Zinc-induced changes in ionic currents of clonal rat pancreatic β-cells:: activation of ATP-sensitive K+ channels

1.The effects of zinc (Zn2+) on excitability and ionic conductances were analysed on RINm5F insulinoma cells under whole-cell and outside-out patch-clamp recording conditions. 2.We found that extracellular application of 10-20 muM Zn2+ induced a reversible abolition of Ca2+ action potential firing, which was accompanied by an hyperpolarisation of the resting membrane potential. 3. Higher concentrations of Zn2+, in the tens to hundreds micromolar range, induced a reversible reduction of voltage-gated Ca2+ and, to a lesser extent, K+ currents. Low-voltage-activated,ed Ca2+ currents were more sensitive to Zn2+ block than high voltage-activated Ca2+ currents. 4. The Zn2+-induced hyperpolarisation arose from a dose-dependent increase in a voltage-independent K+ conductance that was pharmacologically identified as an ATP-sensitive K+ (K-ATP) conductance. The effect was rapid in onset, readily reversible, voltage independent, and related to intracellular ATP concentration.
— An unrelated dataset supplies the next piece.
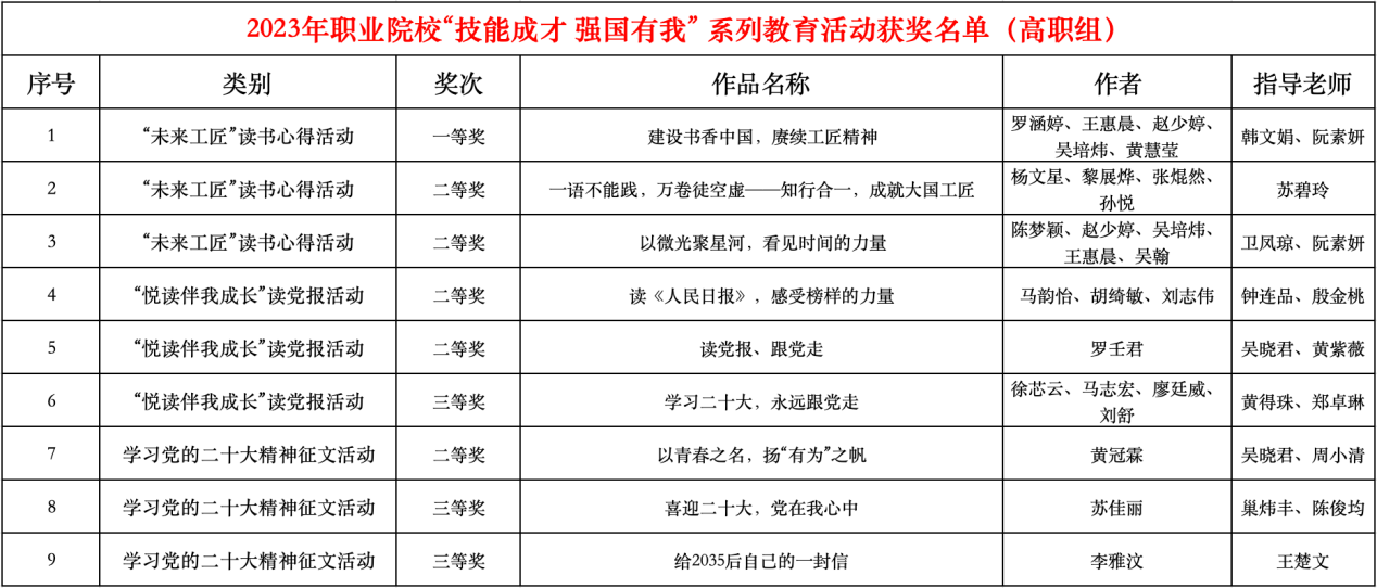 近日,廣東省教育廳印發(fā)了《關(guān)于公布2023年職業(yè)院?!凹寄艹刹?強(qiáng)國有我”系列教育活動結(jié)果的通知》,我校師生參賽作品榮獲一等獎1項(xiàng)、二等獎5項(xiàng)、三等獎3項(xiàng),韓文娟老師獲評“優(yōu)秀指導(dǎo)老師”,學(xué)校獲評“優(yōu)秀組織獎”。

In the presence of 1 mM intracellular ATP, half-maximal activation of K-ATP channels was obtained with extracellular application of 1.7 muM Zn2+ 5. Single channel analysis revealed that extracellular Zn2+ increased the K-ATP channel open state probability with no change in the single channel conductance. 6. Our data support the hypothesis that Zn2+ binding to K-ATP protein subunits results in an activation of the channels, therefore regulating the resting membrane potential and decreasing the excitability of RINm5F cells. Taken together, our results suggest that Zn2+ can influence insulin secretion in pancreatic beta -cells through a negative feedback loop, involving both K-ATP and voltage-gated conductances.